Create a Parametric Sweep

Applies To: Windows Compute Cluster Server 2003

A parametric sweep is a parallel computing job that consists of running multiple iterations of the same command using different input and output files. The input and output files typically consist of the same stem name with incrementing extension numbers. A parametric sweep can be continuous, running all input files, or discontinous, running every other file, every third file, or whatever sampling interval you choose. Windows Compute Cluster Server 2003 supports parametric sweeps at two levels:

  • Using the Job Manager index function

  • Using batch and script files

Using the Job Manager index function

On the Job Properties sheet the Add Parametric Sweep button on the Task tab allows you to specify multiple iterations of a command with different input, output, and error files. The iterations and their associated files are automatically generated and indexed. For example, when you enter myapp.exe, and then enter my_input* and my_output* respectively as input and output files, you will create the equivalent of the following tasks:

myapp.exe <my_input1 >my_output1

myapp.exe <my_input2 >my_output2

myapp.exe <my_input3 >my_output3

myapp.exe <my_input4 >my_output4

myapp.exe <my_input50 .>my_output50

Each of the 50 instances of the myapp.exe command line will become the command line of a separate task. All tasks will share the same task name. Having multiple tasks with the same task name is not only allowed, but is useful in specifying dependencies. Multiple tasks of the same name are distinguished by unique task ID numbers.
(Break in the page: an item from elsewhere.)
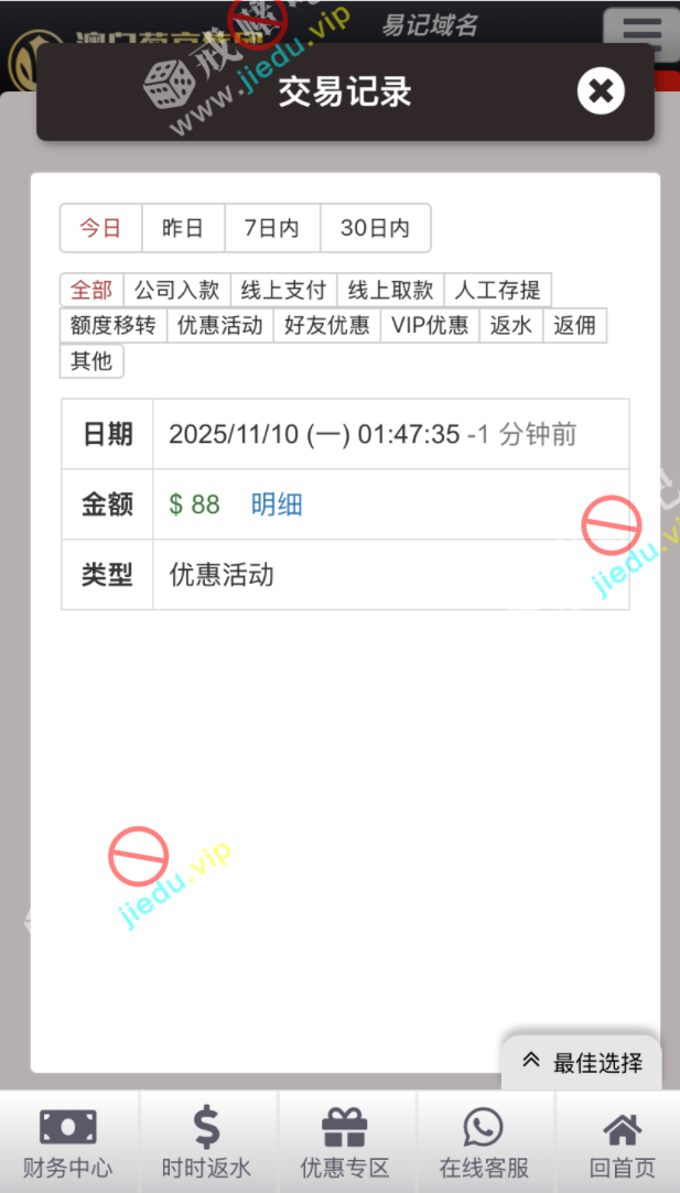 电话回访彩金,接到电话就上去看了就见了,没有找过客服。

The results shown above reflect the default Index End value of 50. Setting Index End to 11 will produce:

myapp.exe <my_input1 >my_output1

myapp.exe <my_input2 >my_output2

myapp.exe <my_input3 >my_output3

myapp.exe <my_input4 >my_output4

myapp.exe <my_inpu11t .>my_output11

Similarly, my_input1 and my_output1 reflect a defaultIndex Start value of 1. By changing Index Start and Index End values, you can increase, decrease, or shift the range that you are creating. By setting Index Skip to a non-zero value, you can change the numbering from a continuous series like 1,2,3 to a discontinuous series like 1,3,5 or 1,4,7. Finally, you can add one or more zeros to the front of each input, output, or error file using Extension Length. An extension length of 3 produces:

myapp.exe <my_input001 >my_output001

If the application takes a file as an argument, the command line itself can be indexed. For example:

myapp.exe -infile file*

This produces a series like the following:

myapp.exe -infile file1

myapp.exe -infile file2

myapp.exe -infile file3

myapp.exe -infile file4

To use the Job Manager index function

  1. Navigate to the Tasks tab of the Job Properties sheet.

  2. Click Add Parametric Sweep….

  3. On the Add Parametric Sweep dialog, enter the task name. This name is assigned to each iteration of the task. Each task in the parametric sweep will appear in the Task Summary pane with the same name.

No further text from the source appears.